[Recorded data]
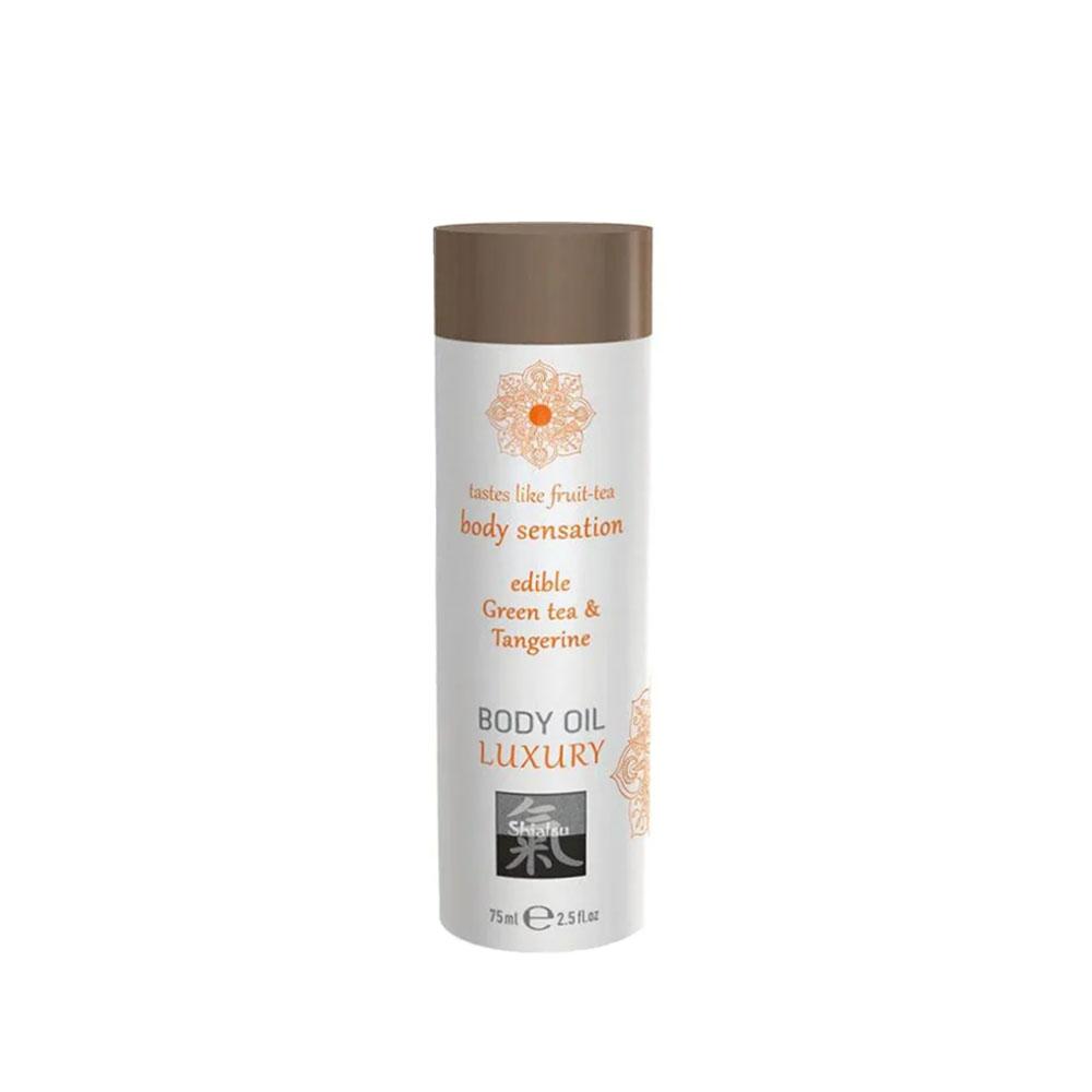 الوصف : زيت مساج بطعم الشاي الأخضر والماندرين
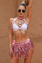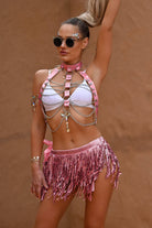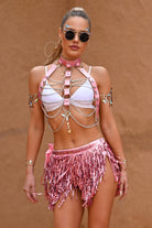 The perfect party set for the raver! Step into the spotlight with our dazzling festival set, featuring a striking pink harness top adorned with edgy silver chains and paired with a wrap sequin skirt that shimmers with every move. This bold ensemble is designed to make you the star of any festival or party, blending a fierce attitude with a touch of glam.
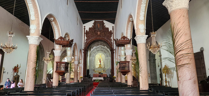 We spent the day wandering through the city, starting at the Staircases and City Gates, where you'll find a statue of Vasco da Gama and the striking blue-and-white Igreja da Misericórdia, walking along Rua Direita, lined with historic houses, and reaching Praça Velha, a picturesque square surrounded by beautiful historic buildings. A few blocks away, visit the Cathedral of Angra do Heroísmo, and right behind it, you'll find Bettencourt Palace. A little further along is the coral and white Sé Catedral (Church of the Holy Savior. There are plenty of sites to see, walking the relatively small city, including many religious sites and island architecture.
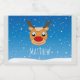 Um design festivo e animador com uma rena sorridente em meio a uma queda suave de neve contra um fundo azul tranquilo, personalizado com um nome personalizado para um toque de mágica de férias. Perfeito por adicionar um toque de alegria sazonal.
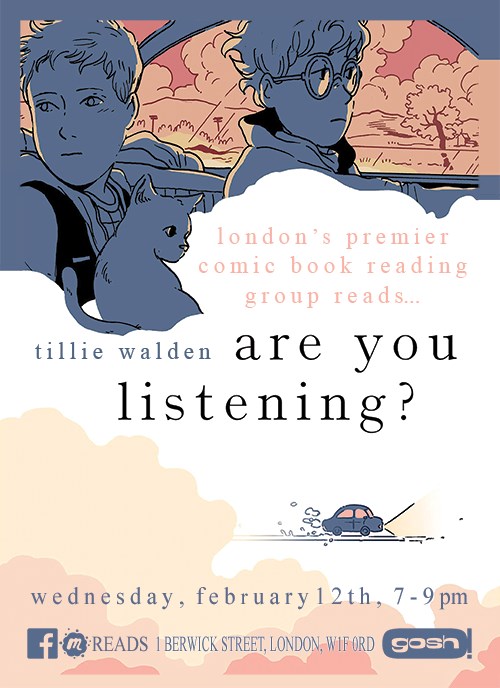 - Reads February: Are You Listening? by Tillie Walden, monthly reading group explores Are You Listening?, the latest book from Tille Walden, an intimate and emotionally soaring story about friendship, grief, and healing. Gosh Comics, Berwick Street, London from 7-9pm.
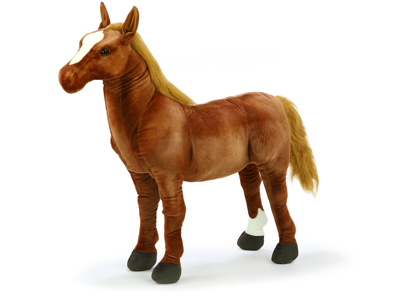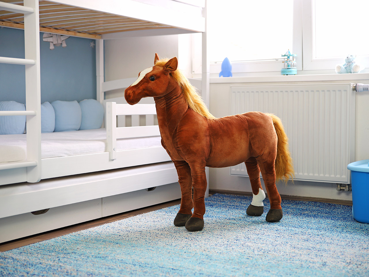 Náš plyšový kôň je dokonalý arabský plnokrvník. Jemný, ľahko vykrojený profil, štíhle nohy, ušľachtilá hlava, múdry pohľad a bujná hriva. K tomu krásna lesklá srsť, ktorá rovnako ako u skutočných arabov nevyžaduje veľa údržby . Možno ju len utrieť vlhkou handričkou a bude sa zase lesknúť, ako keď plyšový koník vyskočil z krabice. Na svojich ladných nohách stojí pevne , všili sme do nich totiž kovovú výstuhu. Tá je úplne bezpečná, avšak neumožňuje sedenie na chrbte. Náš plyšový kôň je predsa len trochu fajnovka, žiadny jazdecký or – na ozdobu a na maznanie ho však užije.
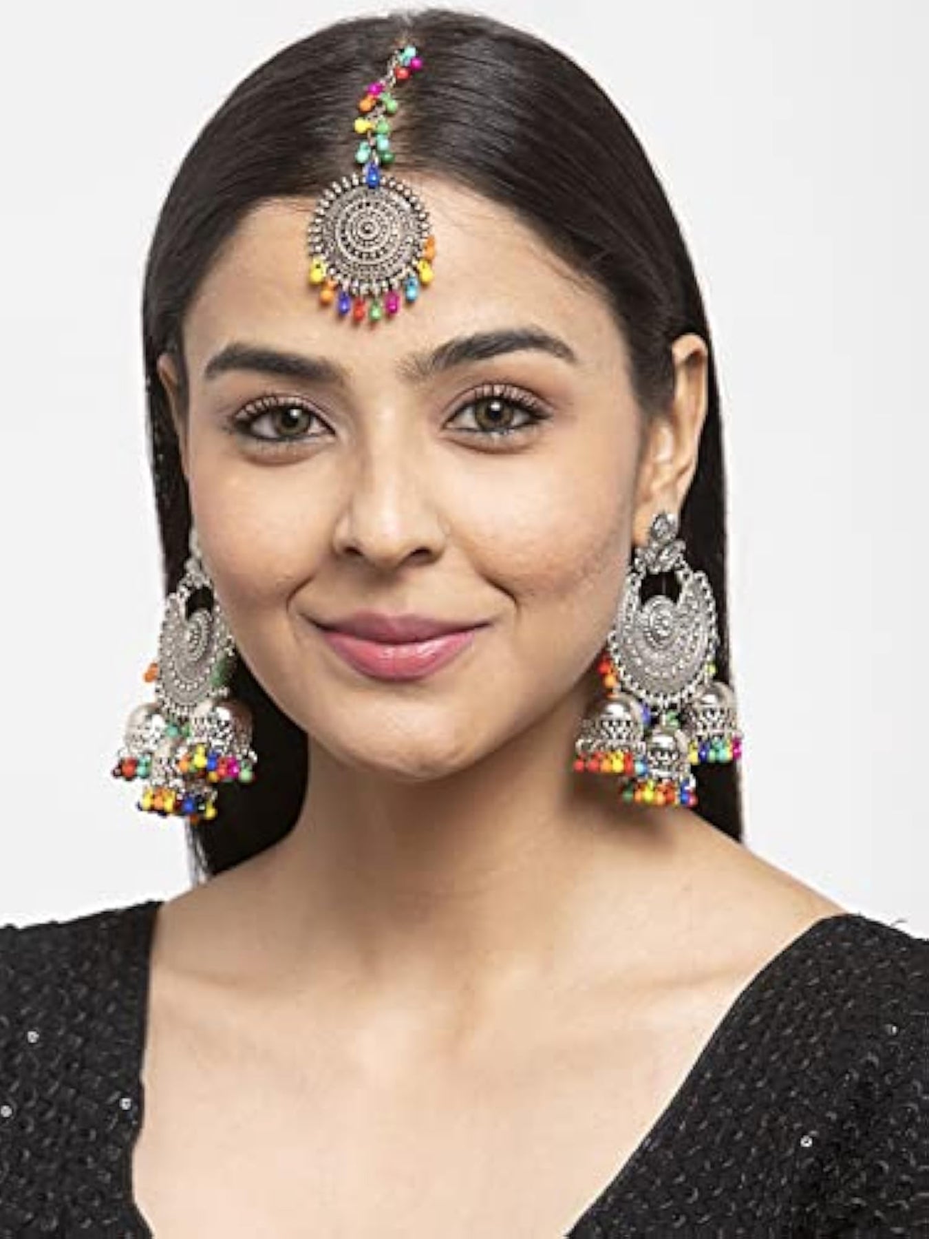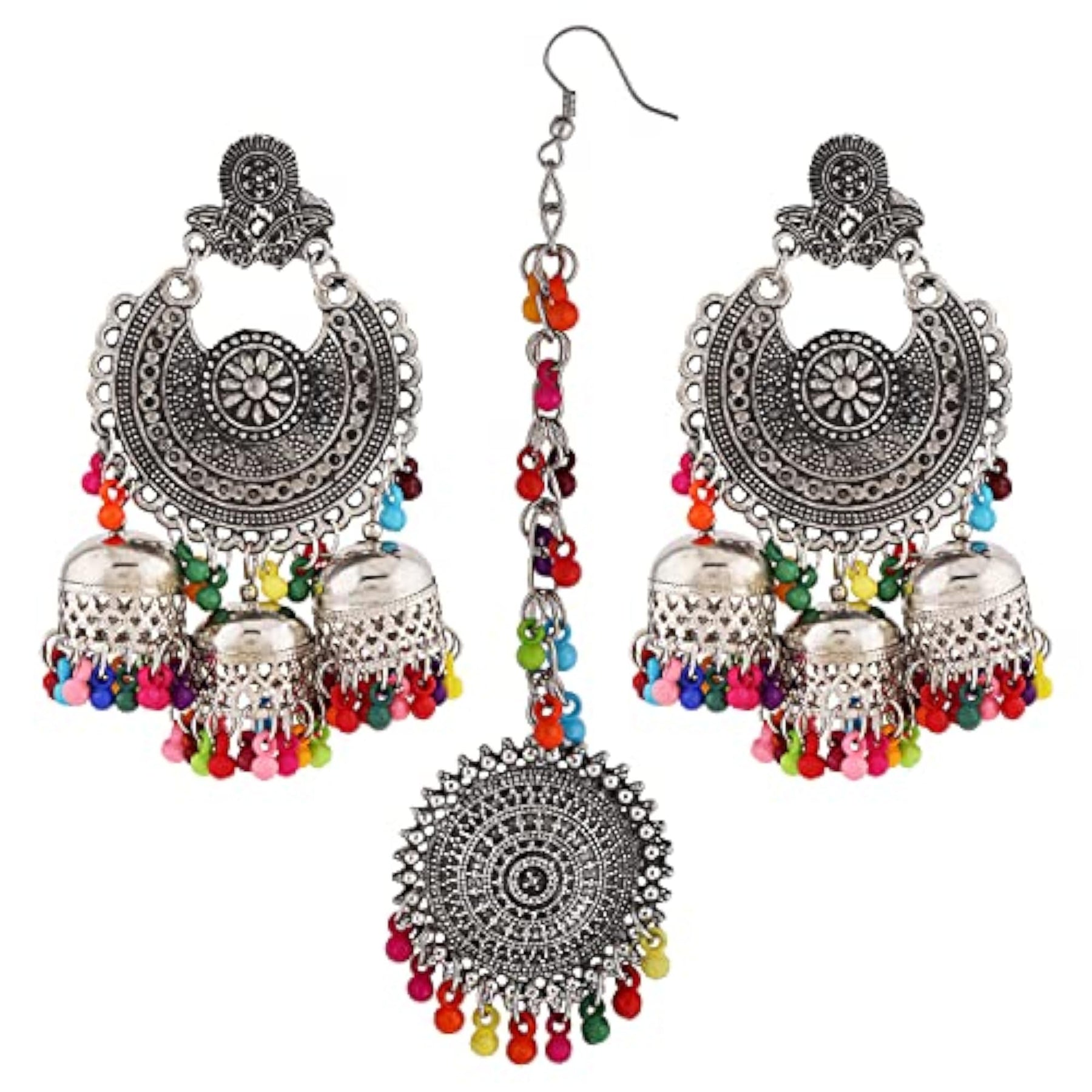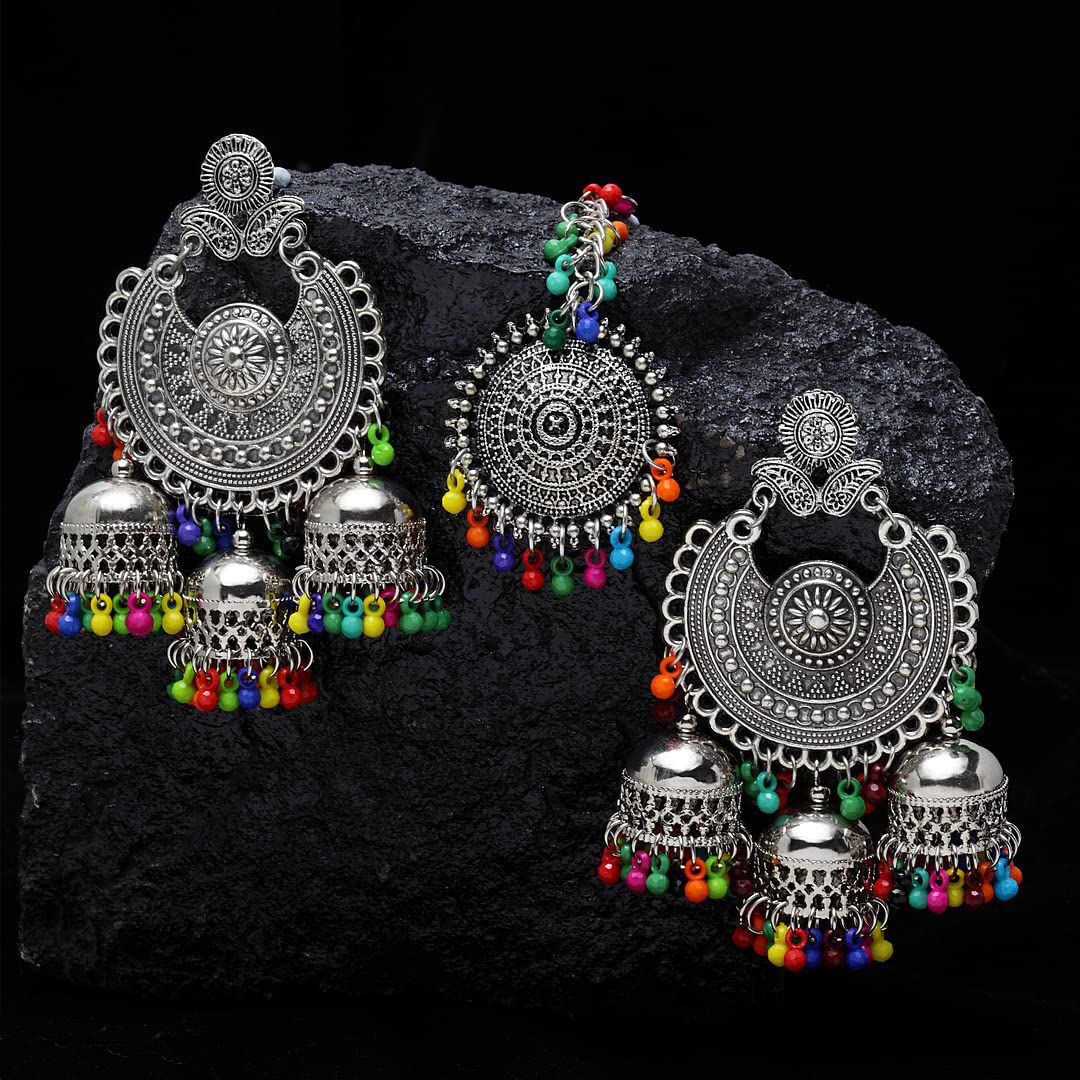 Enhance your traditional look with this exquisite oxidised silver Maang Tikka and Jhumka Earrings set.

*YOUR OBJECTIVE*
Each line above is to be duplicated exactly, and the pictures are to be omitted.

*REPLY*
 الوصف : زيت مساج بطعم الشاي الأخضر والماندرين
 The perfect party set for the raver! Step into the spotlight with our dazzling festival set, featuring a striking pink harness top adorned with edgy silver chains and paired with a wrap sequin skirt that shimmers with every move. This bold ensemble is designed to make you the star of any festival or party, blending a fierce attitude with a touch of glam.
 We spent the day wandering through the city, starting at the Staircases and City Gates, where you'll find a statue of Vasco da Gama and the striking blue-and-white Igreja da Misericórdia, walking along Rua Direita, lined with historic houses, and reaching Praça Velha, a picturesque square surrounded by beautiful historic buildings. A few blocks away, visit the Cathedral of Angra do Heroísmo, and right behind it, you'll find Bettencourt Palace. A little further along is the coral and white Sé Catedral (Church of the Holy Savior. There are plenty of sites to see, walking the relatively small city, including many religious sites and island architecture.
 Um design festivo e animador com uma rena sorridente em meio a uma queda suave de neve contra um fundo azul tranquilo, personalizado com um nome personalizado para um toque de mágica de férias. Perfeito por adicionar um toque de alegria sazonal.
 - Reads February: Are You Listening? by Tillie Walden, monthly reading group explores Are You Listening?, the latest book from Tille Walden, an intimate and emotionally soaring story about friendship, grief, and healing. Gosh Comics, Berwick Street, London from 7-9pm.
 Náš plyšový kôň je dokonalý arabský plnokrvník. Jemný, ľahko vykrojený profil, štíhle nohy, ušľachtilá hlava, múdry pohľad a bujná hriva. K tomu krásna lesklá srsť, ktorá rovnako ako u skutočných arabov nevyžaduje veľa údržby . Možno ju len utrieť vlhkou handričkou a bude sa zase lesknúť, ako keď plyšový koník vyskočil z krabice. Na svojich ladných nohách stojí pevne , všili sme do nich totiž kovovú výstuhu. Tá je úplne bezpečná, avšak neumožňuje sedenie na chrbte. Náš plyšový kôň je predsa len trochu fajnovka, žiadny jazdecký or – na ozdobu a na maznanie ho však užije.
 Enhance your traditional look with this exquisite oxidised silver Maang Tikka and Jhumka Earrings set.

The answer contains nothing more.